Penaeus vannamei was sampled from a shrimp farm in Chungcheongnam-do, Taean-gun, South Korea. The hepatopancreases of five randomly selected shrimp were aseptically obtained and plated on thiosulfate citrate bile salt sucrose (TCBS) (Difco, Franklin Lakes, NJ, USA). The plate was then incubated at 27 °C for 48 h, and a single colony was selected and subjected to PCR. The control strains used included V. parahaemolyticus [VPAHPND (ATCC 17802)], which causes AHPND, and V. campbellii [VCnon-AHPND (KCTC 2716)], which does not cause AHPND. Primer sets used to identify the Vibrio species are provided in Table 4. For the PCR, a 20-μL reaction was set up with 1 μL of each colony dilution as a template, 1 μL of each primer, and 10 μL of ExPrime Taq DNA Premix (Genetbio, Daejeon, South Korea). The thermal cycling conditions were as follows: initial denaturation at 95 °C for 10 min, followed by 30 cycles of 5 min denaturation at 95 °C, 30 s annealing at 42 °C (for PirA), 45 °C (for PirB), 50 °C (for rpoD and AP3), 52 °C (for vch), and 54 °C (for 16S rRNA and toxR), and extension at 72 °C for 1 min, with a final extension step at 72 °C for 7 min. The PCR products were electrophoresed on 1% agarose gels and analyzed using a Gel-Doc UV transilluminator (Bio-Rad, Hercules, CA, USA). We named the identified Vibrio campaberii AHPND strain as HJ-2023.
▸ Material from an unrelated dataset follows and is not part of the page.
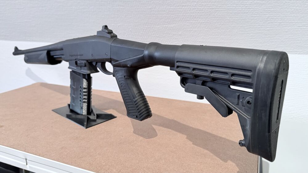 Inkl. Schubschaft im AR-Stil (Orignal-Schaft ist ebenfalls vorhanden) und einem Magazin (der Magazineinschub entspreicht dem AR15-Standard, es passen also alle AR-Magazine)

4.2. Phylogenetic analysis based on pathogenic rpoD

The rpoD gene amplified via PCR from the isolated HJ-2023 strain was cloned using pGEM®-T Easy Vector Systems (Promega, Madison, WI, USA). Sequencing was performed by COSMOgenetech (Seoul, Korea). The sequences were further compared with those of other available Vibrio core group member (V. campbellii, V. harveyi, V. rotiferianus, V. parahaemolyticus, and V. alginolyticus) rpoD gene sequences using a BLAST search in the National Center for Biotechnology Information GenBank database (www.ncbi.nlm.nih.gov/BLAST). The rpoD gene sequences were then aligned, and a phylogenetic tree was constructed by bootstrapping 1,000 replicates using the neighbor-joining method in Molecular Evolutionary Genetic Analysis 11 software (http://www.megasoftware.net/).

4.3. Biochemical tests

The biochemical identification of the isolated HJ-2023 strain and control bacteria, VPAHPND and VCnon-AHPND, was performed using commercially available API 20E and API 20NE TEST Kits (BioMérieux, Marcy-l'Étoile, France). Each bacterial suspension was prepared in 1.5% NaCl solution and analyzed at 37 ± 1 °C for 24 h according to the manufacturer's instructions. The results were interpreted on the APIWEBTM (BioMerieux) website.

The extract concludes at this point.